Request configuration

  • Use the optional translateTextWithinImage parameter in the options field

    • Data type: Boolean (true or false)
    • Default Boolean setting is false. Set the option to true to enable image text translation.
  • Response Details. When the feature is enabled, added image processing information is included with the response:

    • totalImageScansSucceeded. The number of successfully translated image scans.

    • totalImageScansFailed. The number of image scans that failed processing.

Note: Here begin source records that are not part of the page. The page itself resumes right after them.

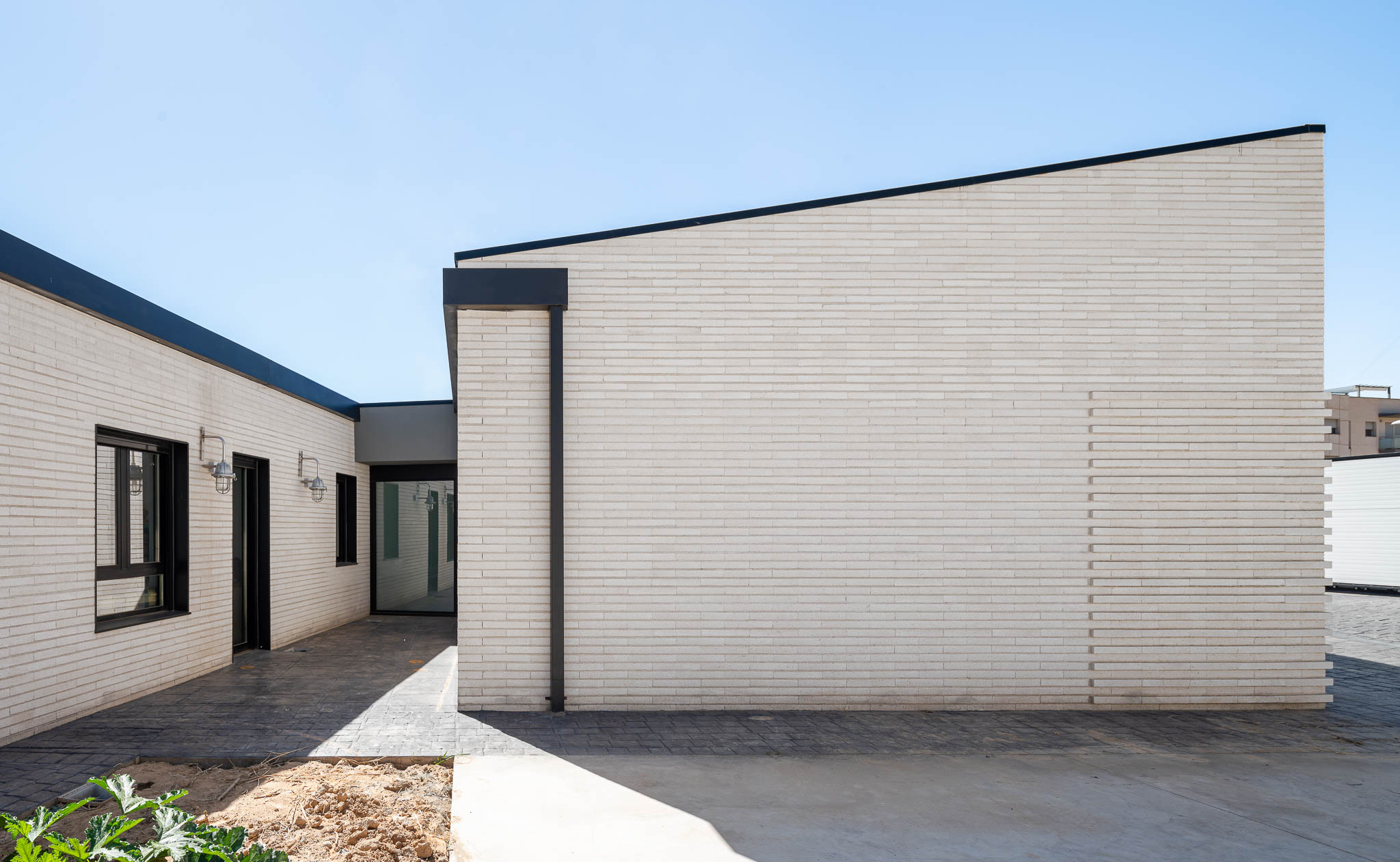 Su imagen exterior es sobria y contemporánea, a pesar de su riqueza volumétrica, materializándose en una fábrica de ladrillo de color blanco en la mayoría de sus paramentos verticales, solamente alterados por una serie de paños de revestimiento cerámico que integran las carpinterías y que contrastan con el monocolor de la fachada.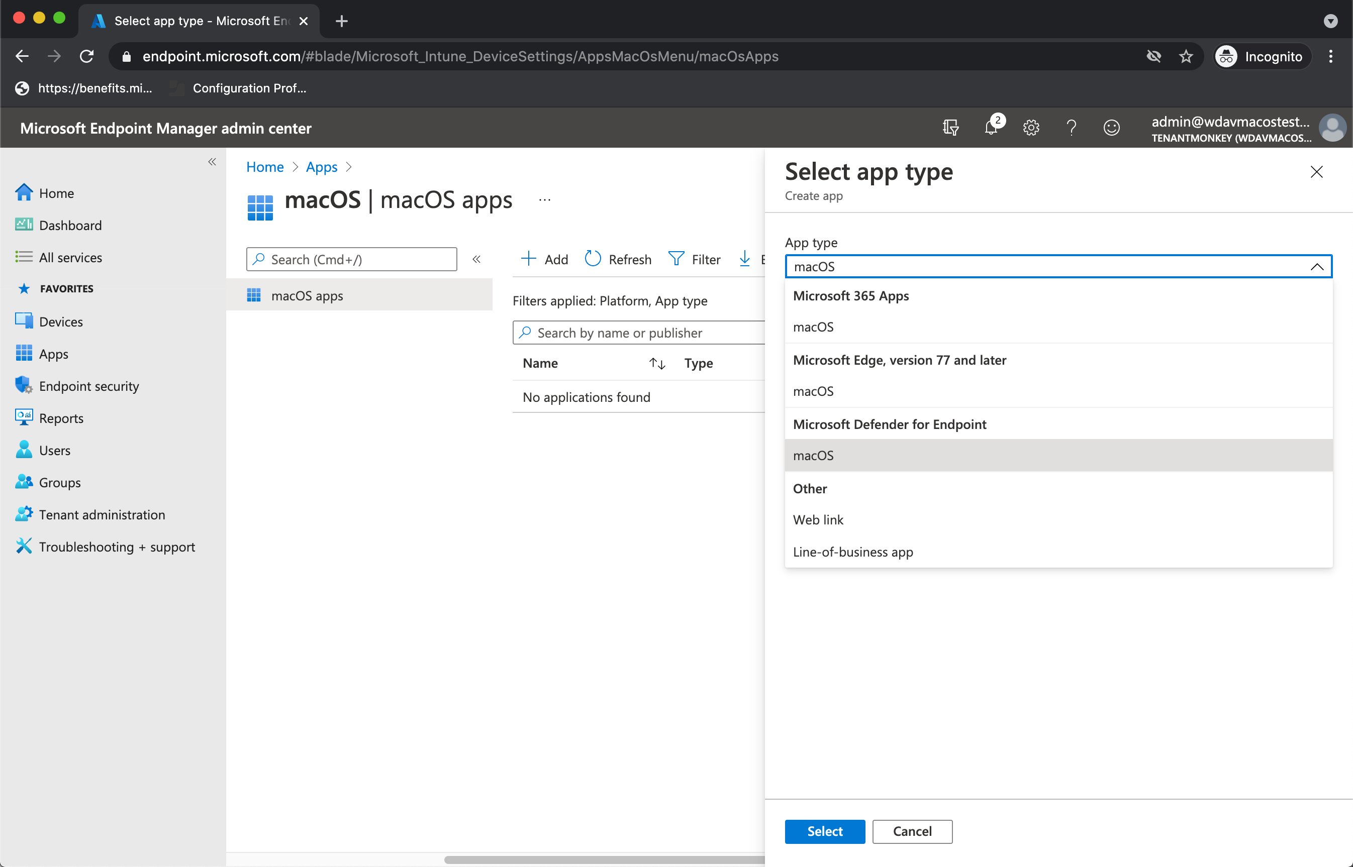 תחת סוג יישום, בחר Microsoft Defender עבור נקודת קצה >macOS ולאחר מכן בחר בחר.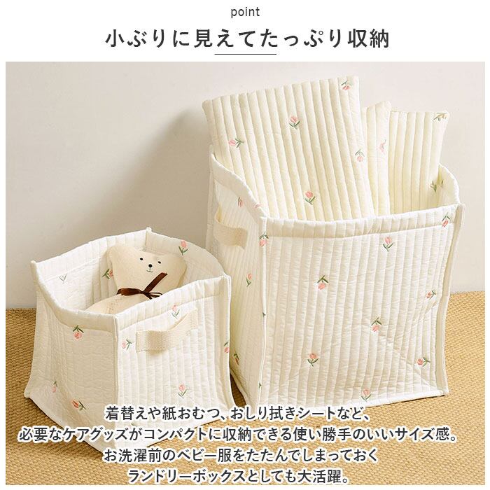 ・赤ちゃんがうっかりぶつかっても安心なふんわり軽いキルティング素材。アニマルフェイスやフラワー柄の可愛い刺繍がアクセントになった布製ポーチボックス。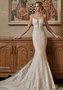 Силуэтное свадебное платье на капучиновом подкладе с расклешением от колена. С большим вырезом в области декольте. С открытой спиной, покрытой невидимой тонкой телесной сеткой.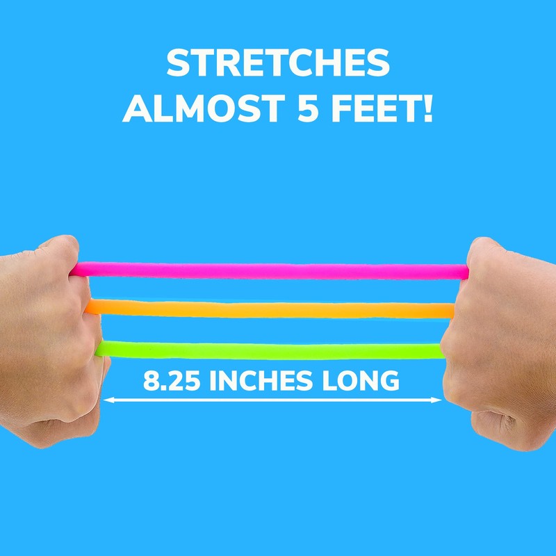 - These monkey noodle fidget toys are 8.25" long and 0.3" thick, but are able to stretch almost 5 feet! Stretchy noodles are great gifts for classroom kids Christmas and come in 7 neon colors: yellow, orange, coral, purple, green, blue and pink
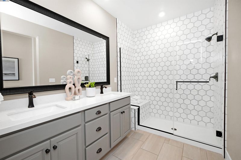 - Shower Over Tub, Solid Surface, Stall Shower, Tile, Updated Baths

Use code to submit Document Translation requests

Set up your coding Platform

  • Create a new project.
  • Replace Program.cs with the C# code sample.
  • Set your endpoint, key, and container URL values in Program.cs.
  • Add Newtonsoft.Json package using .NET CLI for processing JSON data.
  • Run the program from the project directory.

Important

For the code samples, you'll hard-code your Shared Access Signature (SAS) URL where indicated. Remember to remove the SAS URL from your code when you're done, and never post it publicly. For production, use a secure way of storing and accessing your credentials like Azure Managed Identity. For more information, see Azure Storage security.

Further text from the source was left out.